Knighton was the first person to appear on Current TV when it launched on August 1, 2005, and hosted several programs and live events for the network. He was the host and executive producer of InfoMania, Current's first half-hour show. He left the show at the end of 2010.

He has appeared, as an actor, in shows such as the Gilmore Girls. AMC tapped him to host The Movie List, a weekly countdown of popular movie trivia. In 2011, he hosted the Biography Channel show, My Viral Video. His work has been featured on E!, CNN, CNN Headline News, MTV, TV Guide Channel, Oxygen, and KNBC Los Angeles. He was a regular panelist on E!'s Chelsea Lately.

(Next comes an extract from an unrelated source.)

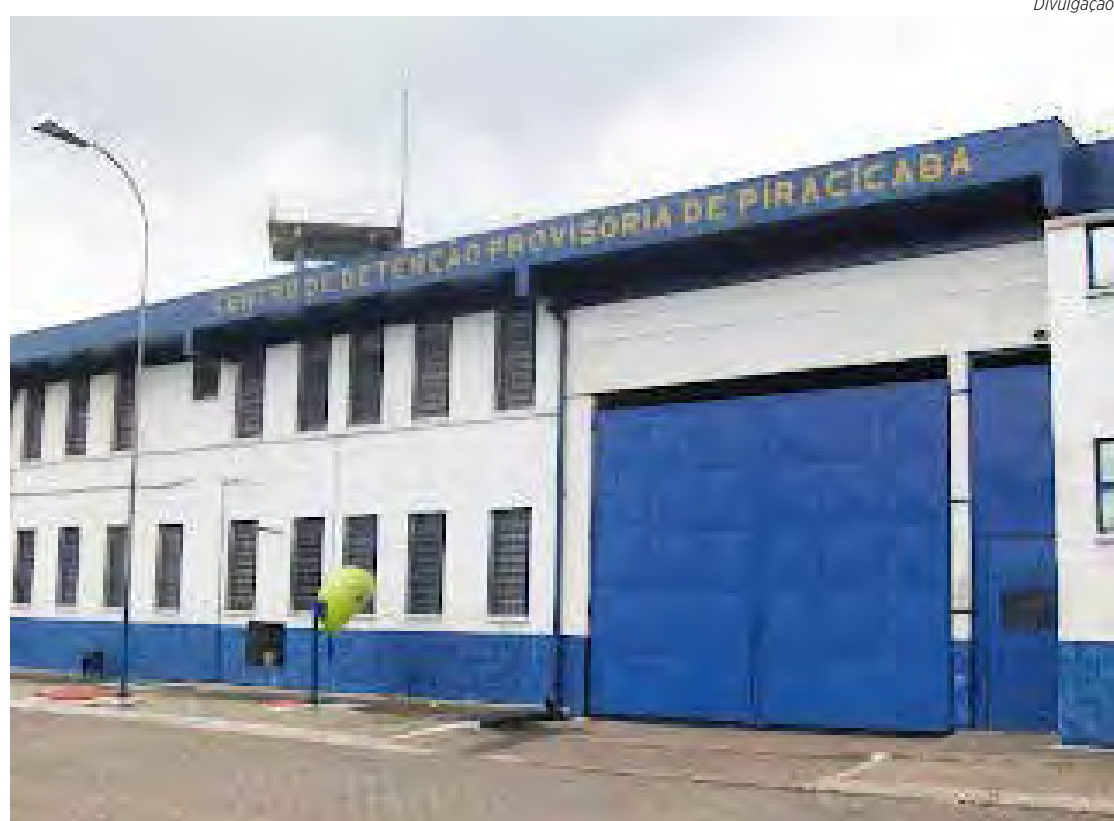
Centro de Detenção Provisória, de Piracicaba/SP

Detida em flagrante, ela foi levada para a delegacia e ficou à disposição da Justiça. Já sobre o filho detido, a direção do CDP afirmou que como de praxe instaurou um procedimento administrativo disciplinar.

In 2012, the EW Scripps Company (one of the nation's largest independent television station owners) hired Conor to create and host a daily look at travel, finance, and consumer issues.

As a correspondent for KCET's SoCal Connected, Knighton was nominated for two Los Angeles Area Emmys and won a 2015 Los Angeles Press Club Award.

==Early years==
Knighton grew up in Charleston, West Virginia, and attended George Washington High School. He is a graduate of Yale University.